DVD (dickvandyke), Monday, 18 October 2004 13:44 (twenty-one years ago)

also, listen to ludacris' roll deep, which is a hip hop song and tell me the drum programming in there couldnt from a grime beat.

DVD (dickvandyke), Monday, 18 October 2004 13:51 (twenty-one years ago)

2tekz bang otm about davinche baby, or say wiley's similar ones, vs nominally similar american heatmakerz style; u could venture its the 2step lineage perhaps but the uk tracks whip, rill and ripple around the mcs ankles like theyre standing in a glinting stream.

(not that dipset + heatmakerz still doesnt = the greatest music ever made, go listen to 'this is jim jones'!)

i dunno perhaps if the mysterious mystery thread starter could explain what it is about rap, ie the absent centre in these discussions, he's dissatisfied by...?

candour floss (mwah), Monday, 18 October 2004 14:02 (twenty-one years ago)

(4 the record i was totally gobsmacked to find out 'baby' was davinche's work, i'm suspending all hating)

candour floss (mwah), Monday, 18 October 2004 14:04 (twenty-one years ago)

"ok, look, im listening to the hot boys song 'help' and the drums on this are programmed pretty busily. this could easily be a grime beat (if it wasnt so clear/clean and it had different music on top). "

Best Cash Money song ever! Maybe.

Yeah I was wondering what you thought of "Baby" Candour. I figured it would appeal to you but i'm not sure why. The colours maybe?

Tim Finney (Tim Finney), Monday, 18 October 2004 14:06 (twenty-one years ago)

I guess if you really wanna cop out and claim a Timbaland beat as the be all and end all of grime's rhythmic progresssion it has to be "Nigga What Nigga Who"!

x

2tekz, Monday, 18 October 2004 14:09 (twenty-one years ago)

(also heh er try jim jones/cam/juelz 'only one way up' vs ruff sqwad)

the colours? i don't understand, are you presuming my synaesthesia??

candour floss (mwah), Monday, 18 October 2004 14:11 (twenty-one years ago)

Yes.

Tim Finney (Tim Finney), Monday, 18 October 2004 14:13 (twenty-one years ago)

I can't stand Jim "I Just Like To Paint Pictures" Jones. Have you heard of Euro Crew? They have a song on the Lord Of The Mic cd where this guy is basically claiming Dipset and shouting out like 3rd tier Dip mcs like JR Writer and Un Casa, it's really weird.

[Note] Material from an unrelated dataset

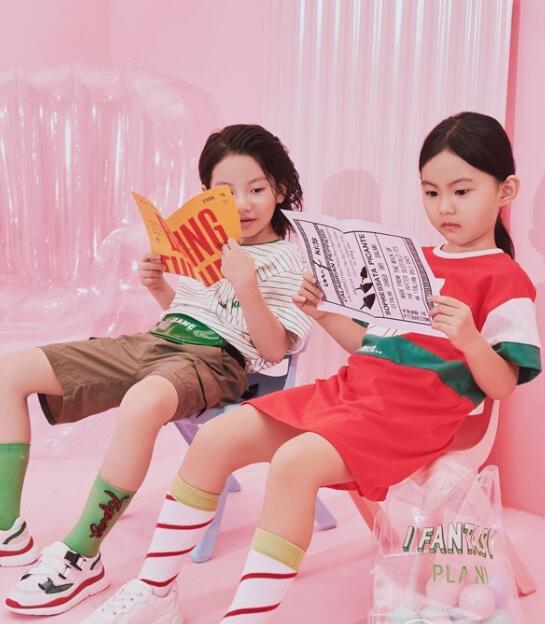 也能够挑选套装的样式,裙装的设计也很不错,一款赤色和绿色拼接的连衣裙样式,或许条纹T恤衫下身棕色的短裤配搭,女生能够英俊,男生也合适这么穿,裙装让小女子穿搭更精约,男生穿搭让整体更英俊。

2tekz, Monday, 18 October 2004 14:14 (twenty-one years ago)

then... that's chillingly accurate, tim. :$

euro gang they might be called, theyre those SAS chancers on rocafella so... yeah they suck, jim jones is awful too but those tracks are hotness. 'crunk muzik' i dunno about. diplomatic immunity 2 is going to be 90% weird and horrible too, judging by the new juelz song.

candour floss (mwah), Monday, 18 October 2004 14:22 (twenty-one years ago)

im writing this in normal letters cos a lot of you are sensitive and dont like it when i type in caps. you lot are EMO.

anyway, candour, i dont understand your question about wanting me to explain what it is about rap i dont like.

but whoever it was that says that hot boys tune has drum patterns a bit like a grime pattern is sort of what i was thinking also, and also about a lot of dirty south type production. still, is that real by dizzee is dirty south influenced but hes done his own thing with it, cos its got those ravey airy synths on it and things like that.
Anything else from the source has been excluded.